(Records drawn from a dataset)
☆ ☆ ☆ ☆
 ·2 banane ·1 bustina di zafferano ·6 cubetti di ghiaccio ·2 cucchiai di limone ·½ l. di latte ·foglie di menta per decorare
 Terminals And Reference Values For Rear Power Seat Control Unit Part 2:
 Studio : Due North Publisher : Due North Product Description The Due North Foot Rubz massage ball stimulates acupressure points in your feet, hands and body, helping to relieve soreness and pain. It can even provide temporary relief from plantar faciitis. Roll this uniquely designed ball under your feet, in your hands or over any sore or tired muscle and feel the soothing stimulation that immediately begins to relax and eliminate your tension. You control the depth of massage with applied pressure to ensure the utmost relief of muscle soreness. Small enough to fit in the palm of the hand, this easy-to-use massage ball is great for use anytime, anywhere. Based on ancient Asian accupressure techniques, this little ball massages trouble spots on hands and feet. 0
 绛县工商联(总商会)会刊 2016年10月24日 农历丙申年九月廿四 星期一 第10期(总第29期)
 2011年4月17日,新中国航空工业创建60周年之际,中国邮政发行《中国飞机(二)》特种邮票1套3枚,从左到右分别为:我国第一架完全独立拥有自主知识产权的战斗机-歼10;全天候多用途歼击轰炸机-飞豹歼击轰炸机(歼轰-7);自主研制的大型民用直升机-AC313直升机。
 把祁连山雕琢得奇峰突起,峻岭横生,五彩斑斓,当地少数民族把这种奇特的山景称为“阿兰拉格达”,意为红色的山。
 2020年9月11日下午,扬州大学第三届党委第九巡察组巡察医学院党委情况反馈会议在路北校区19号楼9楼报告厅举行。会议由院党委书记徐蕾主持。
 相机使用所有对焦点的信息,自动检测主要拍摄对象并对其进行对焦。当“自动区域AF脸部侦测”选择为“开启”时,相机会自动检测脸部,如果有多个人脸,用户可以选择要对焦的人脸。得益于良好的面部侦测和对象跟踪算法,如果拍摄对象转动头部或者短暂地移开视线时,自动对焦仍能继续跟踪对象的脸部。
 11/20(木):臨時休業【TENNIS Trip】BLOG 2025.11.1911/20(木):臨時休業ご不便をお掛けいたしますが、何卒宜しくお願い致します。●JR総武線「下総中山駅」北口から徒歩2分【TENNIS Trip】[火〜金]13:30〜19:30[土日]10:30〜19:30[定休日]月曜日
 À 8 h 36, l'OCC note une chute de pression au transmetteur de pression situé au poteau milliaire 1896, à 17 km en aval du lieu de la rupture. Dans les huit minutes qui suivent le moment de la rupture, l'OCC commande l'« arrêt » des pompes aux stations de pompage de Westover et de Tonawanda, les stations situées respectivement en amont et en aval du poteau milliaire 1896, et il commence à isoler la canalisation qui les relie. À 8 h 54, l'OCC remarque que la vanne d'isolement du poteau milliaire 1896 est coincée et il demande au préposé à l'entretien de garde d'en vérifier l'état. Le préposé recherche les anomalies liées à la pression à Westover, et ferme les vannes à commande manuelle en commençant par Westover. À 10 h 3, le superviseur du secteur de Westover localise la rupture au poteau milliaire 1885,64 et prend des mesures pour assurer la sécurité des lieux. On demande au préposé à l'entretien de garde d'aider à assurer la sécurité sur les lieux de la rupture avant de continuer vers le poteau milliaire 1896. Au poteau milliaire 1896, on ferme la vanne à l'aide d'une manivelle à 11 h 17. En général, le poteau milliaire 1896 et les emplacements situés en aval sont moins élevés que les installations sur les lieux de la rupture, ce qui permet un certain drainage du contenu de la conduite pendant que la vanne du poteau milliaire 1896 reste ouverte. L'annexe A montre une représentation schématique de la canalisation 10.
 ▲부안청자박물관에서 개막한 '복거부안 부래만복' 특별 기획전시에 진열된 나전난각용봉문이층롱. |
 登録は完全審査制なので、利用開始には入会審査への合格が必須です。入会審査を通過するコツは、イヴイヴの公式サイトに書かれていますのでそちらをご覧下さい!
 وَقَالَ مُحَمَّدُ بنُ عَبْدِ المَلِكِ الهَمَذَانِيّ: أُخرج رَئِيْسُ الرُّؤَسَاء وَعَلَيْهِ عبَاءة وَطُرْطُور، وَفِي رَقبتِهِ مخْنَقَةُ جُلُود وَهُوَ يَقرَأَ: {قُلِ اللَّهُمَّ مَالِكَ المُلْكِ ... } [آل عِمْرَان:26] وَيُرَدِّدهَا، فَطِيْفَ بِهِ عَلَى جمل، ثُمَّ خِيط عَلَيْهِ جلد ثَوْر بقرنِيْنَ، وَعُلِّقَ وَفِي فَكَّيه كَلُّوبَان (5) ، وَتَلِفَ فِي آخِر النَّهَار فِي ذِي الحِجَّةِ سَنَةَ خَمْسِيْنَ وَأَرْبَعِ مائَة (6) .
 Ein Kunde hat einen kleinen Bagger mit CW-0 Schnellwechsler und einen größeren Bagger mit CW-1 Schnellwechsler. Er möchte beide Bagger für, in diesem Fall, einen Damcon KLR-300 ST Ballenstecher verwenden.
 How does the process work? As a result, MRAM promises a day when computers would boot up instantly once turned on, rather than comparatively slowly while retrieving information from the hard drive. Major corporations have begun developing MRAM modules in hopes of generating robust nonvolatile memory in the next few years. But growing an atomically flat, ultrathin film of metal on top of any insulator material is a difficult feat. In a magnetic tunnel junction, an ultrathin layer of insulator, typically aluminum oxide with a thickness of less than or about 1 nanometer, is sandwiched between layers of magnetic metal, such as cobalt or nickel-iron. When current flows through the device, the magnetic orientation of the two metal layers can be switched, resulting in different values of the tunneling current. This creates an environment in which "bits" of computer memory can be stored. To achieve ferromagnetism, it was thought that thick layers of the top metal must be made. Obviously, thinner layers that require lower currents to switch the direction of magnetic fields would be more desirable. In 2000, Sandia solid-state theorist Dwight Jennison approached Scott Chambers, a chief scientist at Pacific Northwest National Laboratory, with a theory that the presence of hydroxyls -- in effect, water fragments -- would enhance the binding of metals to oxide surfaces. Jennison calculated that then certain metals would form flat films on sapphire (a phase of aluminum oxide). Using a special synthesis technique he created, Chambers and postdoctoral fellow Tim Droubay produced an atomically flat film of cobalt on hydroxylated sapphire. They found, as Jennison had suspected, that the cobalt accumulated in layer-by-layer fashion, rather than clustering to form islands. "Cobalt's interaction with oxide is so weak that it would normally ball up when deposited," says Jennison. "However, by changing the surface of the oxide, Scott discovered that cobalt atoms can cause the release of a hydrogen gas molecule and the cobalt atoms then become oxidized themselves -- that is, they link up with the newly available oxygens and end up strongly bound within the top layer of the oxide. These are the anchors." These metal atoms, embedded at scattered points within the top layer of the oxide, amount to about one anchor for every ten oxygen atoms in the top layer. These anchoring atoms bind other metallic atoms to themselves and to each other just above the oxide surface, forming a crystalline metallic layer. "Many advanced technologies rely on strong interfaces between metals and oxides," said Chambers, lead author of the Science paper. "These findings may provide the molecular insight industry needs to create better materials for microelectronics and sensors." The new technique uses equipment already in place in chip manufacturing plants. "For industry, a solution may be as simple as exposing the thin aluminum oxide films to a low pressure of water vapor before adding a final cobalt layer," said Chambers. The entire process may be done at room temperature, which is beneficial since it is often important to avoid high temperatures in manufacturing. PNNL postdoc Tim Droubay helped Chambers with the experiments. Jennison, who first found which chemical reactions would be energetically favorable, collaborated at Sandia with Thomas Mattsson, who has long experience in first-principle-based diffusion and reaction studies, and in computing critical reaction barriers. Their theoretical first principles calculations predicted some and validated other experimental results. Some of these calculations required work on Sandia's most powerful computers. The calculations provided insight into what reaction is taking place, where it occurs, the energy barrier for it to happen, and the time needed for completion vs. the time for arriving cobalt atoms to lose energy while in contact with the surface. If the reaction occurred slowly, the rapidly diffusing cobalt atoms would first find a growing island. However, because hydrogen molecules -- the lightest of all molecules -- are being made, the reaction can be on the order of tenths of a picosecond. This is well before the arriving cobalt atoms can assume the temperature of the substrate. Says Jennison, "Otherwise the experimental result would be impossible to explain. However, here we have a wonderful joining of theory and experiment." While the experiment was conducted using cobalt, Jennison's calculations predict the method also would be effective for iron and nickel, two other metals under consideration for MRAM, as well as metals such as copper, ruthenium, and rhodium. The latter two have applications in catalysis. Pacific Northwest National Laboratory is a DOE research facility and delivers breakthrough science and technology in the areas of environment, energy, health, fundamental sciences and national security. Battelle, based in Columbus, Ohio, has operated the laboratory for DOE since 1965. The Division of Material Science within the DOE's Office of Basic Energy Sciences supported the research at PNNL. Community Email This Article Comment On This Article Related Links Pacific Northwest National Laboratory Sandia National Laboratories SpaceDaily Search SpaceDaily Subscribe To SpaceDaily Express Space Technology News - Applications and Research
☆ ☆ ☆ ☆
▶ WHAT YOU ARE ASKED TO DO: If a line comes after the one that contains "Terminals And Reference", leave it out; return every line of the entries up to that point exactly, starting with the first, with that line included.

▶ RESPONSE TO THE TASK:
 ·2 banane ·1 bustina di zafferano ·6 cubetti di ghiaccio ·2 cucchiai di limone ·½ l. di latte ·foglie di menta per decorare
 Terminals And Reference Values For Rear Power Seat Control Unit Part 2:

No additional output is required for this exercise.